Toby laid a hand upon his shoulder.

“I met him outside just now,” said he. “I knew something was wrong. He was white with rage. He could hardly speak. But he says you’re to have the push—that’s all.”

There was absolute silence. With lovable tact, Henry Hope had taken the two boys with him out of the room as soon as he saw that Toby had something private to say. Terence stood against the mantelpiece and stared first at one and then at the other, and Rouse just stood before Toby and looked and looked and looked till he could see nothing at all but a foolish house of cards that had only come into being in the morning, and that now, at the end of the day, lay in a tumbled litter before his eyes.

CHAPTER V
BREAKERS AHEAD

The first significance of it all steadied Rouse in precisely one second, but for the reality of it to make its real impression needed time, and in the silence that followed the truth began to tell upon him.

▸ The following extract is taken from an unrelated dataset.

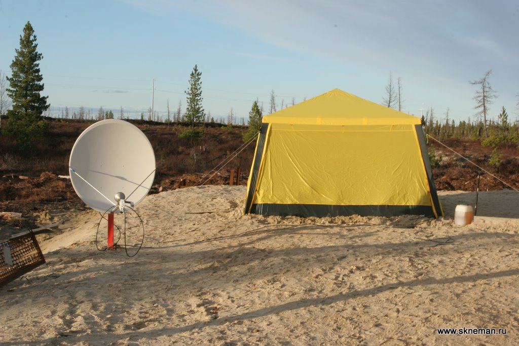 Затраты на развертывания спутникового терминала были минимальны, всего за час–полтора после приземления бригада разворачивала палатку и спутниковый терминал. Дуплексного канала 512 Кбит/с вполне хватало для комфортной работы, в том числе и для трансляции видеоизображения с площадок. Антенны 1.2 м было достаточно для обеспечения устойчивой связи даже при плохих погодных условиях. В качестве резервного канала на крайний случай была предусмотрена КВ-связь.

In the whole history of Harley a Rugger captain elected by the school had never been turned down by the Headmaster. It would be a lasting disgrace. In some way that he did not yet understand he had let down the school. Moreover Rouse had an ideal, and the ideal was not only to be a great fullback, but to be, in the immediate future, a captain worthy to lead the team that Harley was going to have this year. To be told that he was not fit to captain any kind of team at all was no less surprising than having a bottle broken over his head. If it were true, then he might just as well be expelled.

He found himself wondering whether, if this came to pass, fellows would think he were just such another as Slade, who had been captain of cricket when he himself was a junior and whom the Grey Man had sacked. At least Slade had had a chance. To be judged in three days by a man who had never seen him before in his life did not give him a dog’s chance. It seemed pretty incredible that any fellow could be condemned like that, but that the fellow in question should be himself was very nearly unthinkable.

To Toby it was not unthinkable. If he had judged Dr Roe aright the new Head was a man whose first opinion was his last, and who, rather than have to confess himself in the wrong, would stick to a bad judgment against all argument, upholding it through thick and thin to the end. It was clear that he believed in impressing those under him with swift and irrevocable decisions, thereby instilling into them discipline of a kind that made those who had to be judged by him afraid to take their chance, and which consequently kept them on good behaviour.

There was another reason, too, why he would be a very difficult man to quarrel with. He was new to the school, and he was the type of man who would always be able to defeat those who really loved Harley by making the whole school and the school’s good reputation suffer for the misdeeds of any one individual. Something of this foreboding must have shown in Toby’s face, and Rouse saw it. At last he spoke.

“What is it that’s gone wrong, sir?” said he. “Does he really think I’d be a dud as a captain—or is it that he just takes me for a general waster? What is it makes him think it, any way? Surely it’s not just because I bumped into him with a table?... I would have apologised, as a matter of fact, only as I say I thought it was the man who comes to wind up the clocks, and he’s such a disagreeable old bogey that I didn’t trouble.... He ought to have looked where he was going. A man’s got no right to shoot out of the wall just as you’re going by with furniture.”